Stop thinking of your jigs, fixtures and other manufacturing tools as assets. Instead, think of them as expenses, and disposable. As assets, jigs and fixtures are stored (inventoried) between uses. They remain in inventory until the product line is retired or they are worn beyond repair. With the time, cost and effort of making manufacturing tools through conventional methods, they are too valuable to be discarded.

This approach carries many indirect costs, however. There is cost for the shelf space (warehousing expense), cost to manage and track the inventory, and cost to locate a jig or fixture when needed. For sporadically used tools, these costs can be quite significant.

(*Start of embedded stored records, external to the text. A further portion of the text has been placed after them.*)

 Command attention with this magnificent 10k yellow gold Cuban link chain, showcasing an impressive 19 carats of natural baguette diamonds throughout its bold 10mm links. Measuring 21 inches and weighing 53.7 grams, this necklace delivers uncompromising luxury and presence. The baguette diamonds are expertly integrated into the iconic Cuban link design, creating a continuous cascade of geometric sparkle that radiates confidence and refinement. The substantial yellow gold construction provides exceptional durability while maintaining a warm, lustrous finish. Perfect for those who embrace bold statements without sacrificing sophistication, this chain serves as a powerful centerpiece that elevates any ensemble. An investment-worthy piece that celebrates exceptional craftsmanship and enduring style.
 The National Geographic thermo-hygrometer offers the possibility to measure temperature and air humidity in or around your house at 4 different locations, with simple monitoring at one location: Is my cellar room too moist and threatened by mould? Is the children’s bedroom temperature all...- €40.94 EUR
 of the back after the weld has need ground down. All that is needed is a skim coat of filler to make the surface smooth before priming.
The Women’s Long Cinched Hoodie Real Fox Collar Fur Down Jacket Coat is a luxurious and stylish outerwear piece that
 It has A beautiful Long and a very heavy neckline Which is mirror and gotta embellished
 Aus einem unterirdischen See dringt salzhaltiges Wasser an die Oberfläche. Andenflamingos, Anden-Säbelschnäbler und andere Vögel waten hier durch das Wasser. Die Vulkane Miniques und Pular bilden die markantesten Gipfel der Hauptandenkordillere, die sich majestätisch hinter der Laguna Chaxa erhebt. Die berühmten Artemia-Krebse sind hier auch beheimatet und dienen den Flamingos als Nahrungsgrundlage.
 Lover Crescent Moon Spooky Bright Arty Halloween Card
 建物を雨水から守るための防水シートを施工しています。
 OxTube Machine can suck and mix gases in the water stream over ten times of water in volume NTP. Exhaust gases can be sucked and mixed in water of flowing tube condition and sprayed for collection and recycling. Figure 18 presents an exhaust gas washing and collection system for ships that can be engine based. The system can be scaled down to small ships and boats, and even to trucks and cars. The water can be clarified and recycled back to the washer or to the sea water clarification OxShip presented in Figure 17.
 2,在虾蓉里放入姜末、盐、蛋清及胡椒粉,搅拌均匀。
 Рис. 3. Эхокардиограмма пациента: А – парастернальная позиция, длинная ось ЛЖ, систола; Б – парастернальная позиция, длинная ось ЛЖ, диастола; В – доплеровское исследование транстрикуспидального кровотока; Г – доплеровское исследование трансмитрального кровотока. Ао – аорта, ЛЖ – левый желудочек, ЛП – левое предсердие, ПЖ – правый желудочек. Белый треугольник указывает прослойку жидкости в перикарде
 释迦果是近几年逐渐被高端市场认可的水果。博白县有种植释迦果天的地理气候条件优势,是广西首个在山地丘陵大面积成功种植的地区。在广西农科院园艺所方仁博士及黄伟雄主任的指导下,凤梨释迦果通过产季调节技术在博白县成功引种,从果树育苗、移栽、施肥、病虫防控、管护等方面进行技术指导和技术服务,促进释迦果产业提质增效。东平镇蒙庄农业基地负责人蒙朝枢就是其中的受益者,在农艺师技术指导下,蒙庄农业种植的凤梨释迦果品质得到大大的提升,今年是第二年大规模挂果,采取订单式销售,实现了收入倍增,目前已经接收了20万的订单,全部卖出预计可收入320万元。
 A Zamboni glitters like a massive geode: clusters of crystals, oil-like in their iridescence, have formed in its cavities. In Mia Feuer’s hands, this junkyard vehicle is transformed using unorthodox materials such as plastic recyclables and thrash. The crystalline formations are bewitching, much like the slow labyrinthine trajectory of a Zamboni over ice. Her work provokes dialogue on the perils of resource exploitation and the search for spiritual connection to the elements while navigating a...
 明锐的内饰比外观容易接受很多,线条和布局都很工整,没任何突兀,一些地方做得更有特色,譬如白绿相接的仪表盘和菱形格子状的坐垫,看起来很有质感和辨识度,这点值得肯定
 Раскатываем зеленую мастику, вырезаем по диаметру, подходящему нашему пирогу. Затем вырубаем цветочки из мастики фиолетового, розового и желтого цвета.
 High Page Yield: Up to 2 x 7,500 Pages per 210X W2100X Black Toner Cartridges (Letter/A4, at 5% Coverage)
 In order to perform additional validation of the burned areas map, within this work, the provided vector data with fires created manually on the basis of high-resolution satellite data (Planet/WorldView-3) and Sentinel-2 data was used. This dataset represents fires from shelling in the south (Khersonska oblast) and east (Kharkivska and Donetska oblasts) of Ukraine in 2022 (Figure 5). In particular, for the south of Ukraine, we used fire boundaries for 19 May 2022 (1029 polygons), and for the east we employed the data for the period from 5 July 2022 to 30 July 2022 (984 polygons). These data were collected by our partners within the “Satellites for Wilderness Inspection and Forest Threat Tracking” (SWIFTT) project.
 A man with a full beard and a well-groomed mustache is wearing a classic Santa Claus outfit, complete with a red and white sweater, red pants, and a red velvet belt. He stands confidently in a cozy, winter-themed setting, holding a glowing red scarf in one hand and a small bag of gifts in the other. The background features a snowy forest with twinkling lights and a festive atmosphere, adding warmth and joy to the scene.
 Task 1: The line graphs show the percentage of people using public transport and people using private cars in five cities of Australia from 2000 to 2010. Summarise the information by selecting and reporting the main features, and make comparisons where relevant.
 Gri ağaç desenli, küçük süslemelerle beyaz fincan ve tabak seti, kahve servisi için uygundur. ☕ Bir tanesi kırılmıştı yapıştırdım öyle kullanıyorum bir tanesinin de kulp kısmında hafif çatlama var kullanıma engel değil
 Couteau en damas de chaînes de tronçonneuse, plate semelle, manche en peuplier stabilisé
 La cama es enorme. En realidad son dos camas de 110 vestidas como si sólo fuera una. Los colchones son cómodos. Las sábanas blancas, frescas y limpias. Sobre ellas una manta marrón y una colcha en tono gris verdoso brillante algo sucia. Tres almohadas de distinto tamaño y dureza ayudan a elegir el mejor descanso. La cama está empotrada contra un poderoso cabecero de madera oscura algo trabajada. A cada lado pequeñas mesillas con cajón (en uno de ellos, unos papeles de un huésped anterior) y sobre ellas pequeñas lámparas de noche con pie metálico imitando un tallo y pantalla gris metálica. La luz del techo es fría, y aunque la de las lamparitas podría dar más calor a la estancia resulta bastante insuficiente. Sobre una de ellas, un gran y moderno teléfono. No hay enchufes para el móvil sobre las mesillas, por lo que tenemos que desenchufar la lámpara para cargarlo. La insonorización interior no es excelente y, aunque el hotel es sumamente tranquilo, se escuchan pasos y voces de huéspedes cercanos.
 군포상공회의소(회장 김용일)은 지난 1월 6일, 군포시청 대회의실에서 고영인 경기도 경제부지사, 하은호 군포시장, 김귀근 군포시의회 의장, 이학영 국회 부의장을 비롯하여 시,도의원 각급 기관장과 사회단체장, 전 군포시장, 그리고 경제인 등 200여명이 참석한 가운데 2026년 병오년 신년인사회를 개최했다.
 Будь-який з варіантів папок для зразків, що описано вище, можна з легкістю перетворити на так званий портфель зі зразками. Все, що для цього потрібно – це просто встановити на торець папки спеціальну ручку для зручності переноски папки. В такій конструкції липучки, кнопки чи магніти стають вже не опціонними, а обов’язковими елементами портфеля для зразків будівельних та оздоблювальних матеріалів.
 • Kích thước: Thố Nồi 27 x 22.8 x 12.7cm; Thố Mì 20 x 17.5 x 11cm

The opposite can be true with 3D printing. Often, it takes more resources to inventory jigs and fixtures than it does to remake them. So, companies adopt a management approach called digital warehousing where only the digital file is carried in inventory. It may seem unthinkable to scrap a perfectly good manufacturing tool, but for those with infrequent use, this approach reduces cost and labour.

Now companies make a fixture when it’s needed, and then digitally warehouse its design for future uses. This print-on demand approach is also handy when a replacement is needed for a broken manufacturing tool or duplicates are needed for increased production to meet an unexpected surge in sales.

Additionally, parts-on-demand providers deliver a simple, low-cost, service-assisted method of starting for new adopters of 3D printing. These providers bring expertise, flexibility and finishing services that accelerate results. Organisations with internal systems that experience capacity constraints, or projects that require special materials, benefit from 3D printed parts on demand as well.

3D printing can lead to big changes that maximise profits by driving out every wasted second and penny from the manufacturing process. Rather than replacing traditional manufacturing methods, it should be viewed as a complementary technology that adds value and opens new possibilities. Savings on the manufacturing floor and in jig and fixture production will be substantial.

If you have a 3D CAD file and access to a 3D printing system, you are ready to start fabricating manufacturing tools with as little as 15 minutes of hands-on labour. Combine the simplicity with typical time and cost reductions of 40% to 90%, and you will understand why 3D printing spurs companies to make more jigs, fixtures and other manufacturing tools than ever before. Perhaps most importantly, starting now with jigs and fixtures and other tools puts you and your manufacturing team on the path to rethinking your production process and even business model.